Several of my friends from the church band went out of their way to give me hugs.  My friends from MOPS gave hugs.  Kids from Sunday School gave hugs.  The sweet couple next to us in the pew gave hugs.  WOW!

And, just when I was starting to gain some composure, the music started.  To give you a little background, every Sunday that I’ve stayed home, I listened to my Christian music cds and read the Bible.  I would sing along with the music and tears would just flow.  Music has always been an emotional thing for me.  I find comfort in it, I use it for praise, and can truly feel a connection with God.  So, when we started singing “Shout to the Lord,” no one was singing louder than me.  Then came the line, “My comfort, my shelter, tower of refuge and strength…”  Time for the Kleenex.  Fortunately, I was prepared and had one in my pocket.  And, forget about “Who Am I”.  That one required and used a whole Kleenex.  To my friends who are in the band, you all were awesome.  You really were.  I loved sitting there and listening to you lead us in worship of our King.
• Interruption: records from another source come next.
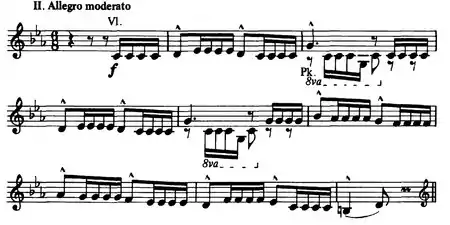 The second movement opens with an energetic string melody, which gives way to a presto version of the main theme, complete with extremely rapid scale passages in the piano.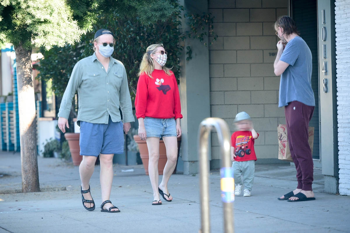 Like Kirsten Dunst and Jesse Plemons. Here they are out in LA yesterday with their son and responsibly wearing their masks. I love them. And not just because they’re masked. For both, really, it’s their body of work. Kiki’s work we’ve been familiar with for a long time because she’s been acting for a long time. And we know her from some classics: Interview With The Vampire, Little Women, Bring It On, The Virgin Suicides, Drop Dead Gorgeous, Spider-Man… MARIE ANTOINETTE! My God, there are so many. When she said last year that she’s underrated and unappreciated, she had a point. And if you haven’t watched her in On Becoming a God in Central Florida, well, now’s the time to binge it. She is so f-cking good.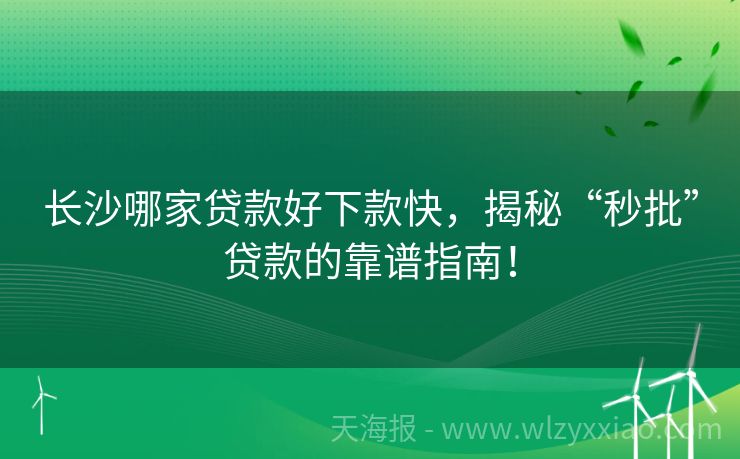 长沙哪家贷款好下款快,揭秘“秒批”贷款的靠谱指南! 长沙哪家贷款好下款快?这份攻略让你秒变“贷款小达人”! 在长沙这座充满烟火气的城市里,无论是创业的小老板、装修新房的小夫妻,还是突然需要资金周转的打工人,都可能遇到“钱到用时方恨少”的尴尬时刻。这时候,选对一家好下款、速度快的贷款机构,简直比找到一家好吃的臭豆腐店还让人开心!但长沙的贷款市场鱼龙混杂...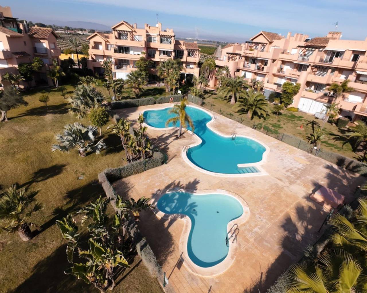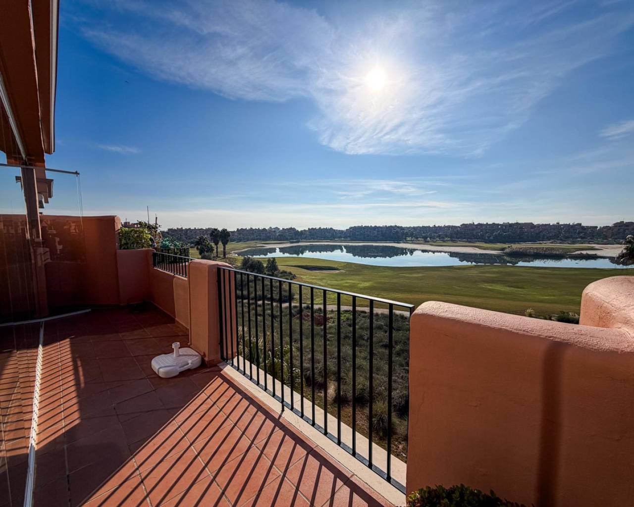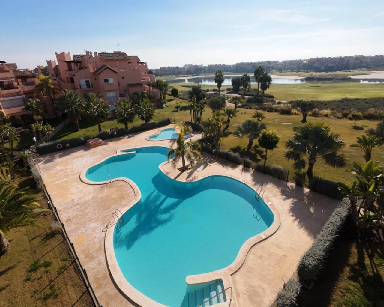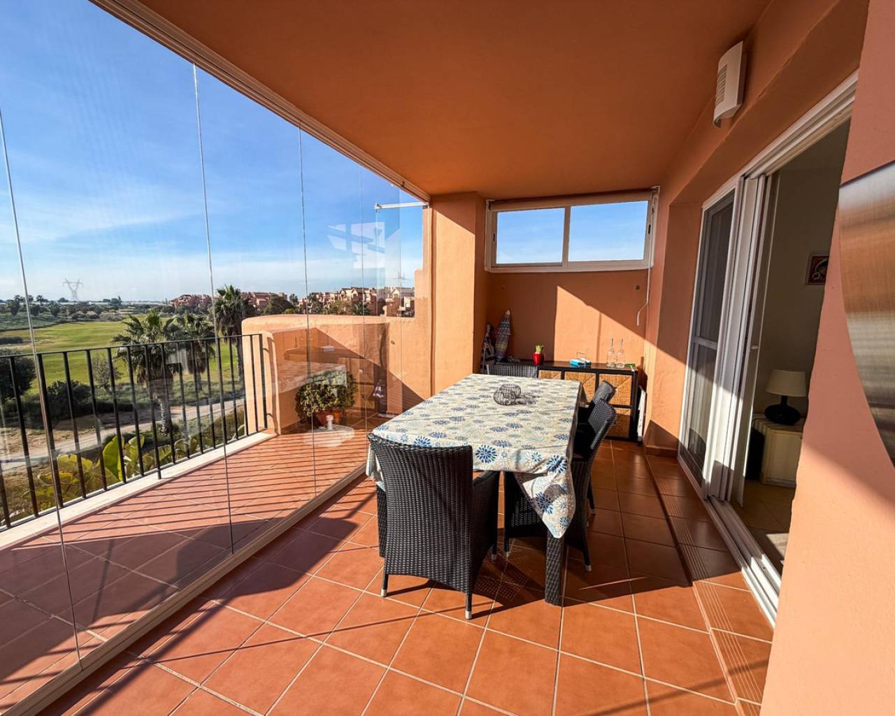 Frontline Golf Apartment with Lake Views – Mar Menor Golf Resort This well-positioned 2-bedroom, 2-bathroom apartment is located frontline on the golf course within the prestigious Mar Menor Golf Resort, offering open views over the fairways and the central lake. The apartment benefits from a south-facing orientation, ensuring excellent natural light throughout the day and making the most of the Mediterranean climate. The living and dining area opens onto a private terrace, ideal for outdoor dining while enjoying the peaceful golf and lake views. Both bedrooms are generously sized, with built-in wardrobes, and the two bathrooms are finished in a practical, modern style. The property is well suited as a permanent residence, holiday home, or investment property with strong rental appeal. A private garage space is included, providing secure and convenient parking. Set within a secure, well-maintained resort with 18-hole golf course, hotel, restaurants, and easy access to the beaches of the Mar Menor and the Costa Cálida, this apartment combines location, views, and orientation—key factors for long-term value. A solid frontline golf property in one of the region's most established resorts.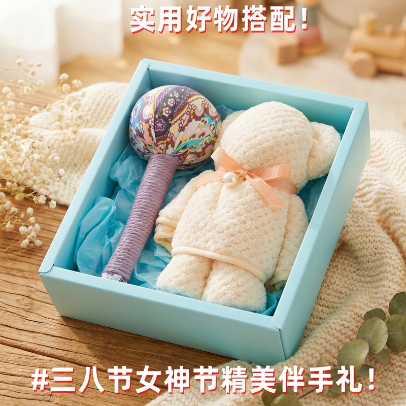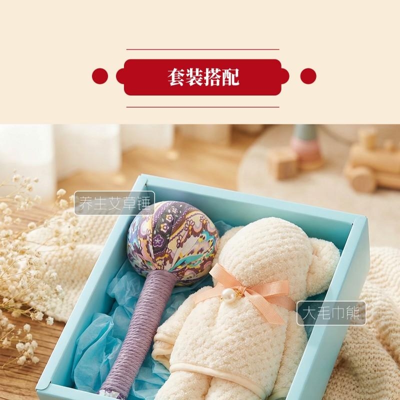 组合:公主艾草养生锤*1、菠萝格纹理创意小熊毛巾75*34CM

Today was an amazing day.  A three-Kleenexer.  🙂  I knew God was “in the house!”  I can’t wait to go back next Sunday.  And hopefully, the following week I can take up the drums again and play on Sundays.  I will continually pray about this decision and take it up with the counselor on Friday, but I think I’ll be ready.

On our way home, my son asked me if I was okay.  I said, “Yes.  I just love our church.”  I got a little choked up about halfway through that sentence.  He said, “I know, Mom.  Everyone in church loves you too.”  Awwwww.

Pastor Doug asked us in his sermon this morning, “Have any of you received too many blessings?”  Of course, we all laughed.  No one could receive TOO MANY!  I felt very blessed this morning.  I never once felt, “Are you kidding me?  YOU want to hug me too?  YOU missed me?  Oh, please.  ENOUGH!”  Not once.  You just can’t feel too loved.  God loves each of us so much and sometimes when we are broken, we are even more amazed that He would send His son just for us.  So, whenever you feel alone, remember that you are certainly not.  God is with you, waiting to be asked to comfort you.  And He gives the best hugs.